Absolument. J’ai grandi dans une ville où quand on était dans le bus scolaire pour rentrer à la maison, on avait peur de se faire tabasser juste parce qu’on portait un sweat à capuche Slipknot. Je pense qu’aujourd’hui, les genres musicaux se sont un peu ouverts, on peut aimer du rock et du metal mais aussi d’autres choses. While She Sleeps n’a pas peur d’être émotionnel, et pour autant nous aimons la musique heavy. Je pense que ça découle du fait que nous avons grandi dans des situations différentes. Comme tu le dis, on a envie d’avoir un sentiment d’appartenance à quelque chose avec le reste des outsiders. C’est exactement ce que je ressentais étant gamin. J’avais de la chance, parce que j’étais plutôt bon au football. J’aimais le rock, le metal et ce genre de chose, mais j’étais aussi assez doué au football, donc j’avais un peu mes entrées auprès des cailleras, si tu veux [rires]. Mais il est clair que j’ai pris quelques coups parce que j’écoutais du rock et du metal. J’imagine que ce que nous voulons, c’est que les gens aient ce sentiment d’appartenance à une communauté, car c’était mon cas quand j’allais à des concerts et que je me sentais un peu différent des autres gens. La communauté rock et metal, c’est là où je me sentais à l’aise. Avec un peu de chance, c’est exactement ce que les gens trouveront dans la Sleeps Society. C’est une bonne remarque que tu soulèves, c’est clairement quelque chose que nous essayons d’accomplir avec ça. Ce n’est pas toujours un long fleuve tranquille pour plein de gens. S’ils trouvent du réconfort en discutant avec d’autres gens à propos de notre musique et de notre groupe, et que ça leur offre un espace où se réfugier quand ils rentrent de l’école ou du travail, pour parler de quelque chose qui les passionne, que ce soit While She Sleeps, la musique en général, la guitare ou autre chose, alors c’est extraordinaire. C’est ce que nous voulons.

T’intéresses-tu toujours au football ?

Plus tellement. Le reste du groupe ne s’intéresse pas du tout au football, donc quand je suis en tournée, c’est un peu difficile de regarder les matchs. Si je suis à la maison et qu’il y a du football à la télé, en fonction du match, je vais regarder. Quand j’étais plus jeune, je soutenais Manchester United. J’espère que tu ne vas pas me détester pour ça !

J’aurais cru que tu serais plutôt un grand fan de Sheffield United !
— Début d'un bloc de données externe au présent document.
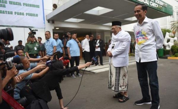 Kemeja dengan tulisan tersebut telah tampak sejak Jokowi dan KH Ma'ruf Amin mendaftarkan diri sebagai capres-cawapres, Jumat 10 Agustus lalu. Simbol itu kembali muncul saat tes kesehatan bersama pendampingnya, KH Ma'ruf Amin di RSPAD Gatot Soebroto, Minggu (12/8/2018).

Je suis souvent allé les voir. J’avais un ami quand j’étais gamin qui avait un abonnement à la saison et il m’emmenait avec lui. Mais le tout premier match que je suis allé voir, c’était un match de Manchester United, donc je les soutiens depuis ce jour.

Vois-tu des similitudes entre le public metal et les fans de football ? Les deux sont composés de gens assez intenses !

Absolument. Pendant un moment, quand nous faisions des chœurs de gang et les parties hymniques à chanter en chœur dans nos chansons sur les albums de While She Sleeps, nous voulions que ça donne cette impression d’unité qu’on retrouve parfois dans les chansons de football. Nous avons pris ça comme référence quelques fois, en étant moins sur la perfection vocale et plus sur le côté hymnique massif à chanter tous ensemble.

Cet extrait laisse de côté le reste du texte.